Afin de faciliter le transport du matériel, la coordonnatrice a chargé un professeur du Département de design industriel, Tomás Dorta, de mettre au point une caisse capable de contenir tout le nécessaire des démonstrations. «Nous avions des contraintes précises, explique l’étudiant choisi, Marc-André Landreville: la caisse devait pouvoir entrer dans le coffre d’une automobile et recevoir sept mallettes de présentation ainsi que le plateau de l’animateur.»

Le travail de l’étudiant, sous la supervision de M. Dorta, a duré un mois et a nécessité l’élaboration et la fabrication d’une série de porte-éprouvettes en plastique conçus par thermomoulage. De l’avis de tous, le produit du jeune homme satisfait aux exigences formulées, de sorte que l’étudiant devrait obtenir sans difficulté le crédit de cours prévu pour ce «travail dirigé». «Nous sommes ravis du résultat, d’autant plus que ce projet avait une valeur pédagogique», indique Geneviève Boucher.

Tomás Dorta affirme que la demande du projet SEUR concorde parfaitement avec la politique de son département, qui encourage les travaux pratiques et les stages en entreprise.

Aspirine 101

L’expérience que M. Madikama propose aux élèves en chimie pharmaceutique consiste en la comparaison de divers composés d’acétylsalicylique, le nom savant qu’on donne à l’aspirine. Après avoir résumé l’histoire étonnante de ce médicament découvert en 1899 mais dont on a élucidé scientifiquement le mécanisme d’action que sept décennies plus tard, l’animateur invite les participants à noter leurs observations sur un tableau comparatif. Quelles sont les différences de coloration qu’on peut constater entre l’aspirine commerciale, l’aspirine de synthèse, l’acide salicylique, l’aspirine non recristallisée et l’aspirine commerciale dissoute dans l’eau? C’est le défi qu’ils doivent relever.

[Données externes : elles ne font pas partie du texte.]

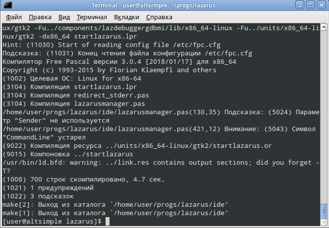 И я искренне надеюсь, что исходный код lazaus [1] вы тоже скачали и распаковали куда-нибудь в свой домашний каталог. Пускай это будет "~/progs/lazarus". В домашнем каталогк вам для компиляции права root не понадобятся, что очень удобно − невозможно будет случайно повредить что-нибудь системное...
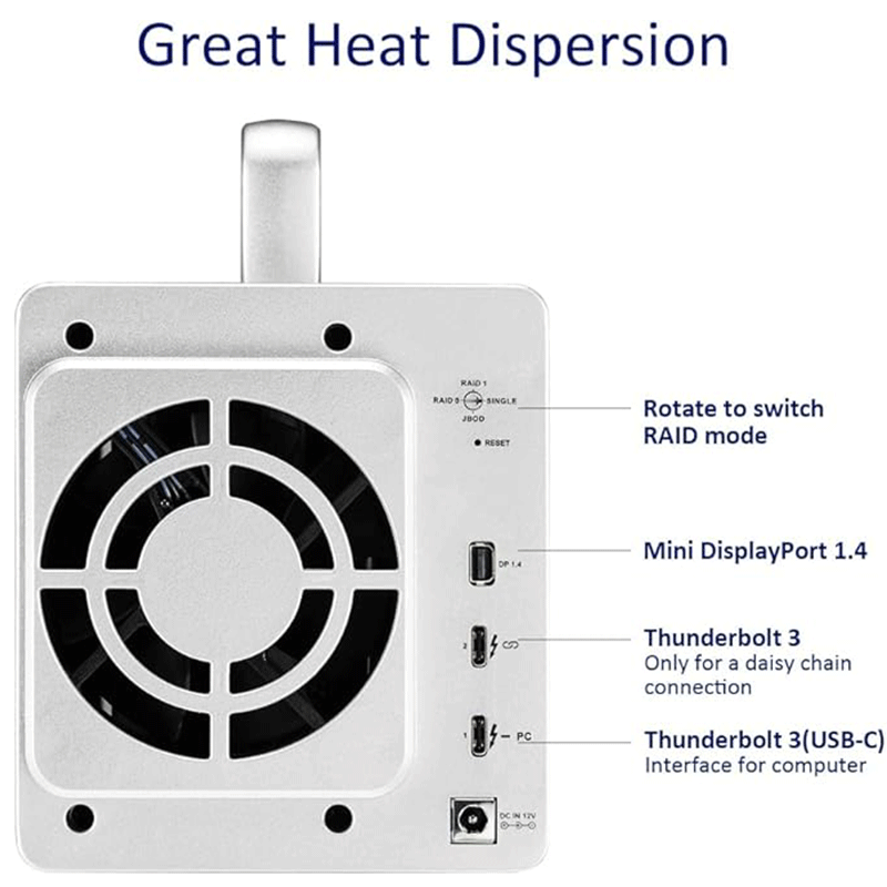 The TD2 Thunderbolt 3 features an intelligent power-saving system. It automatically enters sleep mode when your computer is off or in sleep, stopping only the hard drives and fan while keeping other functions active. When your computer powers back on, the device wakes up automatically. In the event of a power outage, TD2 Thunderbolt 3 will resume operation as soon as power is restored.

Les élèves ne sont pas rentrés à la maison avec en mémoire la formule de l’expérience qu’ils venaient de réaliser (FeCl3 + 6ArOH = {Fe(Oar)6}H3 + 3HCl), mais plusieurs ont ainsi pu avoir un premier contact avec la chimie expérimentale.

«Je trouve important de permettre aux jeunes de se familiariser avec les études universitaires et la recherche», confiait à Forum en 2001 l’initiateur de ce projet, Louis Dumont, professeur au Département de pharmacologie de la Faculté de médecine. Le pharmacologue disait avoir un intérêt personnel pour le développement des études universitaires chez les jeunes de milieux défavorisés et lançait un appel à la communauté pour susciter la collaboration de ses collègues désireux de faire connaitre leur espace de travail. Ceux-ci ont répondu avec enthousiasme à cette invitation.

L’an dernier, le nombre d’élèves du secondaire venus vivre l’immersion en milieu universitaire a atteint les 750. On espère cet été dépasser ce chiffre. On prépare actuellement l’embauche des 15 moniteurs qui accompagneront ces jeunes durant les mois de juin, juillet et aout.